Think about what the numerator is going to be.
So pause the video and have a go at "Task B".
And welcome back.
How did you get on? Did you complete part one? Did you get onto part two? Did you complete part two? Well done if you did.
Let's take a look at the answers.
Here are the answers for part one of "Task B".
"So what fraction of Jacob's cakes were left?" He'd made seven cakes altogether and he had two left.
So 2/7 of his cakes were left.
"What fraction of Jacob's cakes were sold?" Well, he'd made seven cakes and he sold five of them.
So 5/7 of his cakes were sold.
"What fraction of Sofia's cakes were sold?" Well, Sofia made five cakes and sold four of them.
So she sold 4/5 of her cakes.
And then finally, "What fraction of the cakes were sold altogether?" Well, between them they'd made 12 cakes, so the denominator would be 12, and nine of them were sold.
So 9/12 of the cakes were sold.
So well done if you got those as the answers for part one of "Task B".
And let's look at the answers for part two of "Task B".
"So what fraction of the pandas are sat on boxes?" Well, there are 15 pandas altogether and nine of them are sat on boxes?
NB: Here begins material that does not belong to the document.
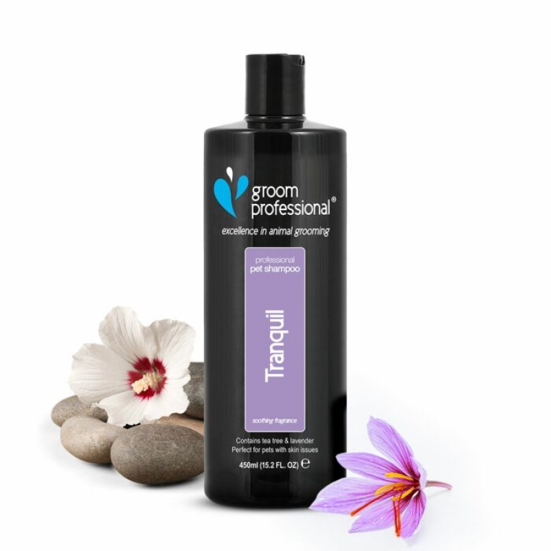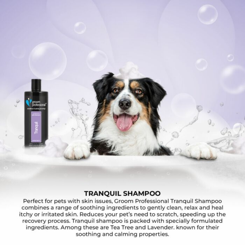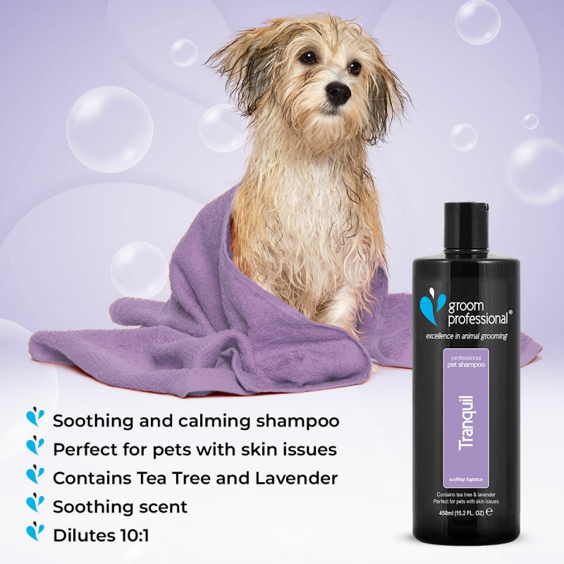 450 ml Tranquil Shampoo is a rich, luxurious formula containing a blend of tea tree and lavender. This blend of ingredients will not only create a sense of calm in the salon, it will also help condition the coat and skin. Contains lavender which is known for its soothing properties while tea tree is renowned for its cooling and soothing properties to help relieve itching. Also acts as an excellent deodorising shampoo. This shampoo is perfect for dogs with skin issues, smelly coats or who are nervous or excited. Tea tree and lavender blend Soothing and calming Relieves itching Deodorizing
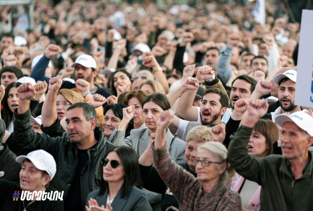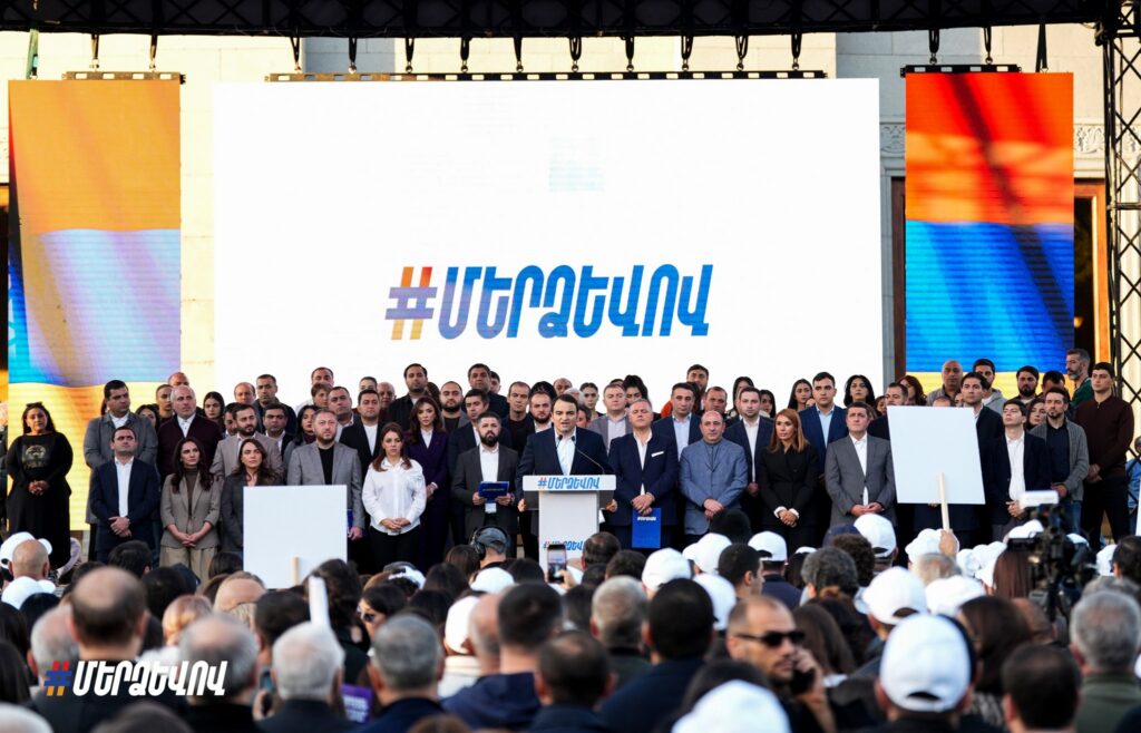 ԵՐԵՒԱՆ․- Շաբաթ, 18 Հոկտեմբերին, Ազատութեան հրապարակին վրայ տեղի ունեցաւ «Մեր ձեւով» շարժման հանրահաւաքը` ի զօրակցութիւն կալանաւորուած գործարար Սամուէլ Կարապետեանի ու հոգեւորականներու:

So 9/15 are sat on boxes.
"What fraction of the pandas are wearing hats?" Well, there are 15 pans altogether, 11 of them are wearing hats.
So 11/15 of the pandas are wearing hats.
Gets a little bit more tricky now 'cause you've got to think very carefully about what the whole is going to be, what the denominator is going to be.
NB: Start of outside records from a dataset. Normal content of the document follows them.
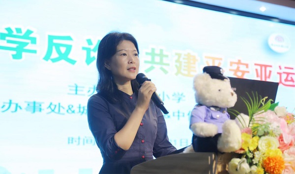 校長沈麗代表學(xué)校致歡迎辭,回瀾小學(xué)一直非常注重師生的安全教育,學(xué)校是蕭山區(qū)第一所全國消防安全宣傳教育示范學(xué)校以及全國國防安全教育示范學(xué)校。學(xué)校積極組織全體教職工安裝國家反詐中心APP,通過國旗下講話、專題講座、微信公眾號以及各類宣傳視頻等多種途徑提醒師生謹防電信網(wǎng)絡(luò)詐騙。在“三節(jié)”來臨之前,希望每一名回瀾學(xué)子都能積極提高反詐意識。
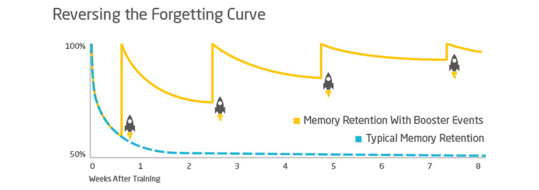 Coined by psychologist Hermann Ebbinghaus, the forgetting curve details the rate at which we as humans forget. Within just one week of training, employees can forget up to 80% of what they’ve learned, greatly reducing the effectiveness of your training programs. Increasing knowledge retention starts with booster events, and short refreshers on the most important parts of training that help cement learning before it’s forgotten.
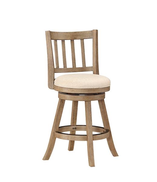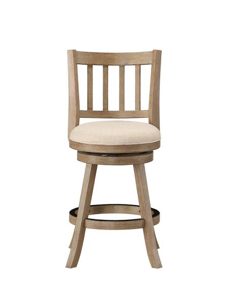 This Ivory Linen Slat Back Swivel Counter Stool will fit perfectly at your kitchen counter. Its light, natural finishes and simple, sleek style will go with any decor! Plus, you'll love its 360 degree swivel design. Stool measures 18L x 21.5W x 37.5H in.; Seat height measures 24H in. Crafted with a rubber wood frame Brown wire-brush frame finish Upholstered in ivory linen fabric with high-density foam fill Features 360 degree swivel design Slat seat back design Features a footrest protected by a metal kick plate Weight capacity: 250 lbs. Assembly required Not intended for commercial use Care: Dust with a soft, dry cloth. Spot clean fabric. This item is available at Kirklands.com only, not available in stores. Please note: this item cannot be shipped to APO/FPO addresses.

"What fraction of the pandas sat on boxes "are wearing hats?" Well, we know there are nine pandas sat on boxes.
So what fraction of those nine pandas are wearing hats? 5/9.
Five of the pandas sat on boxes are wearing hats.
So nine pandas are sat on boxes.
The whole has been divided into nine equal parts.
Five of the pandas are wearing hats.
And then finally, question d, "What fraction of the pandas wearing hats are sat on boxes?" Well, how many pandas are wearing hats? There are 11.
11 of them are wearing hats.
"So 11 pandas are wearing hats.
"The whole has been divided into 11 equal parts," each panda represents one equal part.
"Five of those pandas are sat on boxes." So five of the pandas wearing hats are sat on boxes.
Very well done if you managed to complete part two.
So you have some tricky questions there with a bit of reasoning going on.
And hopefully you're feeling a bit more confident about solving problems using fractions.
Very well done in today's lesson.
Excellent work.
And let's move on to the lesson summary.
"So a whole is divided into parts.
"The denominator is the bottom number in a fraction.
"It is the total number of parts "a whole has been divided into.
"The numerator is the top number in a fraction.
"It is the number of parts that have been selected.
And finally, "Fractions can be represented "in different ways.".